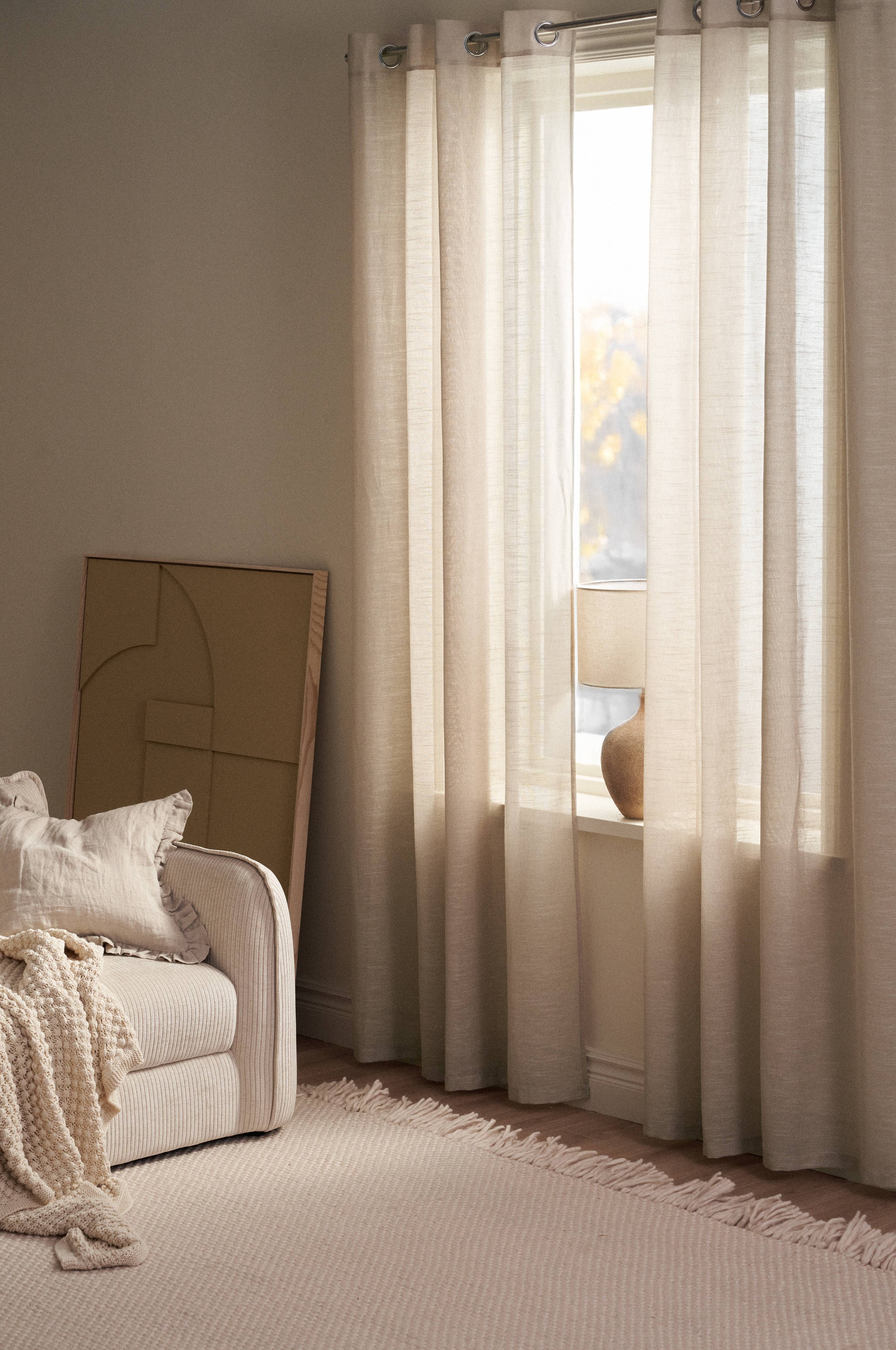 • To Øjenforhænger i gennemsigtig Voile med hørfølelse
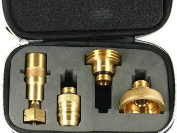 4 stk. DREHMEISTER LPG-gasskoblinger DISH, BAJONETT, ACME og EURONOZZLE i en stilig kasse og 22mm (W21.8) design for alle vanlige tanktilkoblinger.
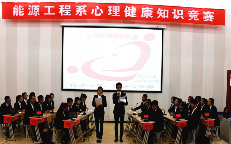 ? 為進(jìn)一步加強(qiáng)大學(xué)生心理健康知識的宣傳教育,全面提升大學(xué)生心理健康素質(zhì),積極倡導(dǎo)健康向上的生活理念,5月27日晚,能源工程系在正德廳隆重舉行心理健康知識競賽。全系師生參加了此次活動(dòng)。
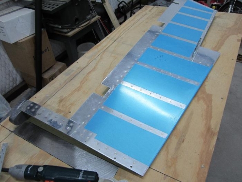 Before I riveted on the left elevator skin I applyed some Right Stuff RTV at the end of the levator stiffeners to hopefully eliminate any vibration that may cause cracks later on. Then I placed E-714 counterbalance weight inside E-713 counterbalance skin with screws partially inserted and inserted the skeleton. After everything was clecoed together I got busy setting rivets.
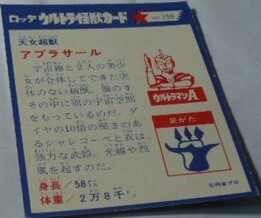 昭和?当時物 レア物 ロッテ ウルトラ怪獣カード159天女超獣アプラサール ウルトラマンA(エース) 円谷プロ トレカ

• [Work request]
The copy should run from the first line of the material above through the line with "4 stk. DREHMEISTER", repeated exactly and without pictures.

• [Solution for this exercise]
 • To Øjenforhænger i gennemsigtig Voile med hørfølelse
 4 stk. DREHMEISTER LPG-gasskoblinger DISH, BAJONETT, ACME og EURONOZZLE i en stilig kasse og 22mm (W21.8) design for alle vanlige tanktilkoblinger.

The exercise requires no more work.